I didn't know what the tfidf value set was mapped to a word (I found out later), so I did a simple experiment using pdb.set_trace ().

TfidfVectorizer has the method to use

get_feature_names
inverse_transform

And scipy.sparse.csr_matrix has

toarray

Is.

First, when I checked the Web Page with document number 0, it was a page called Stomach leaning.com. Find out how the words that appear on this page are represented.

After converting the calculation result of tfidf to pickle, the following code was executed.

`play_with_tfidf.py`


# -*- coding: utf-8 -*-
import pickle
import constants
import pdb

def is_bigger_than_min_tfidf(term, terms, tfidfs):
    '''
    [term for term in terms if is_bigger_than_min_tfidf(term, terms, tfidfs)]Use in
A function that guesses in order from the tfidf values of words that have been listed.
The value of tfidf is MIN_Returns True if greater than TFIDF
    '''
    if tfidfs[terms.index(term)] > constants.MIN_TFIDF:
        return True
    return False

if __name__ == '__main__':
    with open(constants.TFIDF_VECTORIZER_PKL_FILENAME, 'rb') as f:
        vectorizer = pickle.load(f)
    with open(constants.TFIDF_RESULT_PKL_FILENAME, 'rb') as f:
        x = pickle.load(f)

    pdb.set_trace()

    terms = vectorizer.get_feature_names()
    for i in range(3):
        tfidfs = x.toarray()[i]
        print([term for term in terms if is_bigger_than_min_tfidf(term, terms, tfidfs)])

Since it becomes a breakpoint with pdb.set_trace and the value can be output from there in an interactive environment, various confirmation work can be performed.

(Pdb) vectorizer.inverse_transform(x)[0]
> array(['Hiatal hernia', 'Foodstuff', 'diet remedy', 'Operation', 'Reflux esophagitis', 'cooking', 'breast', 'Hyperacidity', 'Stomach pain',
       'Gastric ulcer', 'Gastroptosis', 'Gastric cancer', 'Aerophagia', 'Chinese herbal medicine', 'Construction', 'Chronic gastritis', 'Duodenal ulcer', 'medical insurance',
       'Disclaimer', 'Corporate information', 'polyp', 'pot', 'care', 'American family life insurance company', 'Aflac', 'go',
       'Burn', 'Regarding', 'Dripping', 'unescape', 'try', 'ssl', 'protocol',
       'javascript', 'inquiry', 'https', 'gaJsHost', 'ga', 'err',
       'comCopyright', 'analytics', 'Inc', 'Cscript', 'CROSSFINITY',
       '=\'"', "='", ':"', '.")', '."', ')\u3000', '(("', '("%', "'%",
       '"))'],
      dtype='<U26')

The term "hiatal hernia" is rare and seems to rarely appear on other pages, so I decided to use it as a marker.

(Pdb) vectorizer.get_feature_names().index('Hiatal hernia')
36097

It turned out to be the 36097th word. So what is the value of tfidf for the 36097th word in the 0th document (ie, stomach upset.com)?

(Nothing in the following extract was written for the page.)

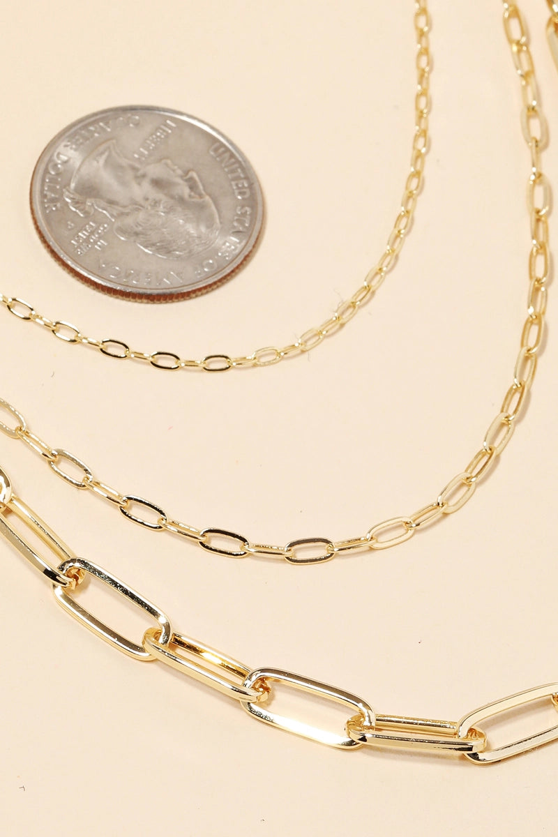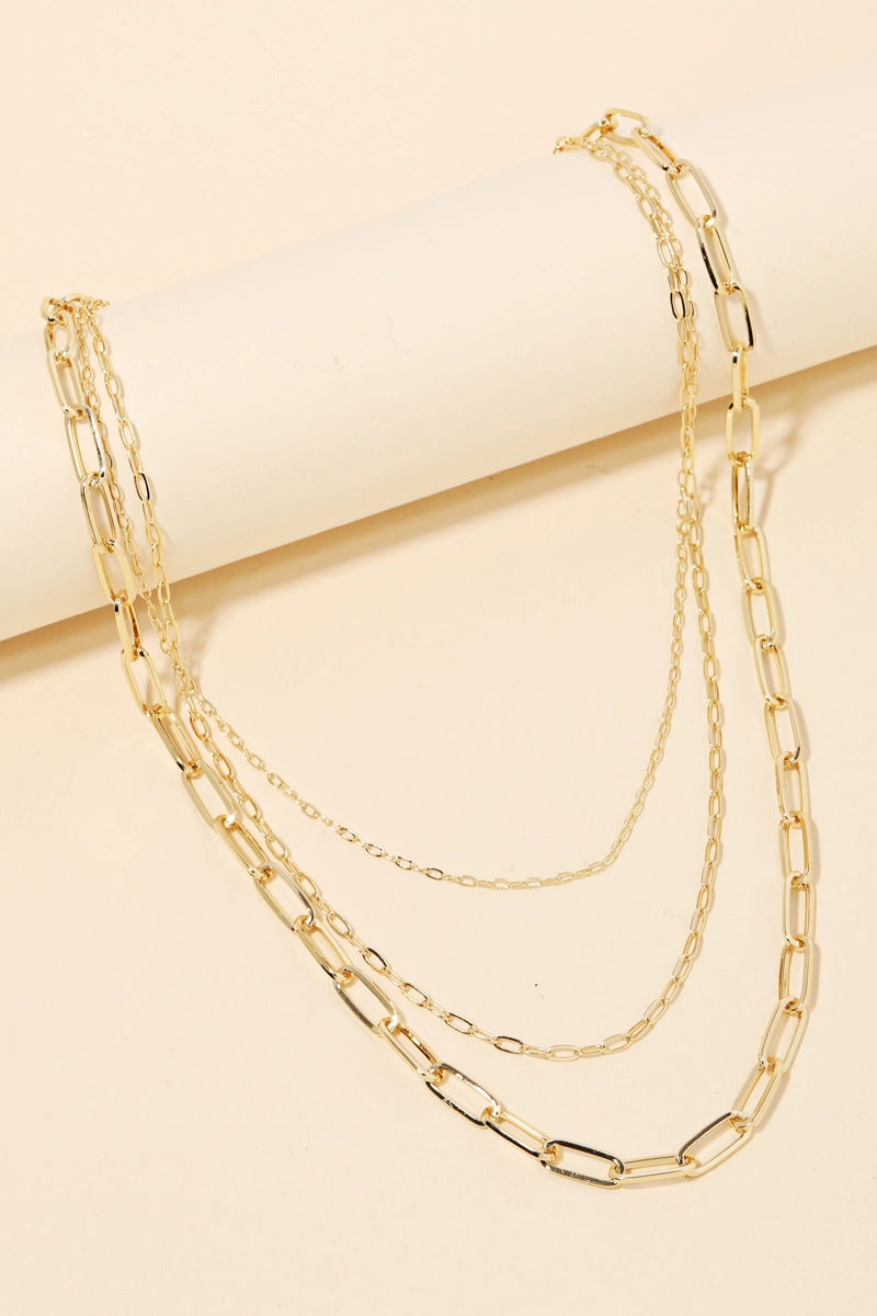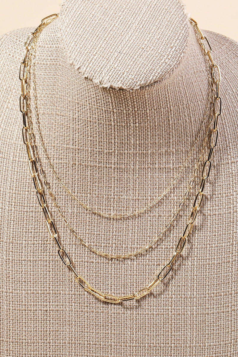 A trending in season must have necklace that features a gorgeous triple oval chain link necklace design.

(Pdb) x.toarray()[0][36097]
0.10163697033184078

Quite expensive. In document number 0, the word with word number 36097 was found to have tfidf of 0.10163697033184078. I don't think that such a high (first and foremost non-zero) tfidf value happens to appear at word number 36097. x.toarray () is a very sparse matrix and most of the elements should be 0. Therefore, it can be considered that the order of the word list that can be taken by vectorizer.get_feature_names () and the order of the words that have tfidf that can be taken by x.toarray () are the same.

In this way, it was confirmed that the word list was kept in the same order. I think it says somewhere in the official documentation that "the order of the words is kept".

After that, I deleted pdb.set_trace () and ran play_with_tfidf.py again.

['gaJsHost', 'https', 'Dripping', 'Burn', 'Aerophagia', 'Hyperacidity', 'breast', 'cooking', 'Foodstuff', 'Hiatal hernia']
['Dripping', 'Disgusting', 'Burn', 'Stomach pain', 'breast', 'Pass']
['TVCM', 'Gusuru', 'Dripping', 'Drinking', 'もDripping', 'Burn', 'Burnる', 'Ri', 'action', 'Science', 'Sacron', 'Cerbere', 'triple', 'Veil', 'hangover', 'Weak', 'Arrange', 'mucus', 'Stomach pain', 'Stomach medicine', 'breast', 'Fullness']

These words have a high tfidf (which seems to be very high) and are considered to be useful as a feature in calculating the similarity between documents and the gastric leaning category.

Summary

scikit-learn convenient.

I posted the code on Github.

https://github.com/katryo/tfidf_with_sklearn

Next time preview

I want to implement the calculation function of tfidf and compare it with scikit-learn.